Graveyards had
nothing to do with it. It was rain. Rain and petrichor. The smell of damp loam,
and the green, growing scent that rose off anything green and growing in any
graveyard. She had been in a graveyard on the other side of the world the other
day, where the petrichor smelled like bamboo, as pungent as if she were
pressing her nose against it, and the rain was sharp and warm. Here everything
was misty and silver-tipped, like the world emerging from a storm. There’s
Spanish moss, crawling like a dark cloud over several of the graves.
That did more to
call them than the graveyard. Graveyards are nothing but vehicles for human
superstition. She liked graveyards, but she liked the sullen darkness of them,
or the grayness of them, the quiet, all of those things humans liked but only
for so long before a part of them- the living part, she often thought- cried
out for an end to solitude. She kept her ears strained for the sounds, the ones
humans never heard, the wailing that following the waking, like a child’s cry
after it is banished from the womb. The nails scratching against the inside of
the coffin, savage, then cautious when wood chips and polish chips gathered
beneath the nails, then savage again when air began to get thin.

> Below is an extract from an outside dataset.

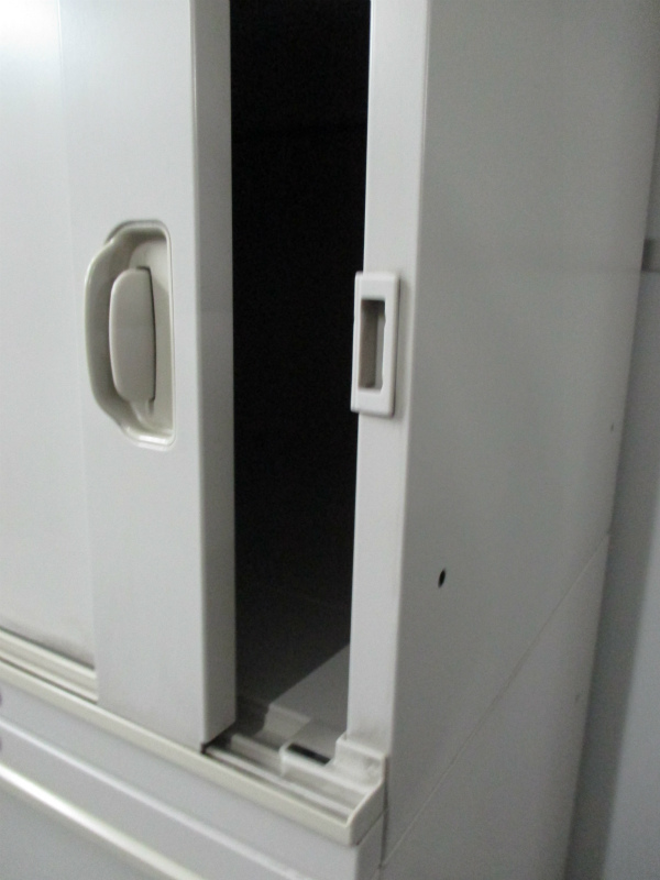 - 一部不具合ありそ引出の開閉不可、施錠不可、棚板無しといったの書庫の本来の効用を果たすための機能以外の一部が使用不可(例、扉、引出の開閉がしづらいなどがある。 )

Not that air
was a priority, but the bodies had the physical imprint of life, the memory of
breathing, and that was almost the same thing as the need for it, apparently.
She might have
helped them, but she liked the waiting time, to prepare something to say. It
was not necessary. Most days she had nothing to say to those that rose. She
only had to do her job, and that did not require kindness. She just had to do…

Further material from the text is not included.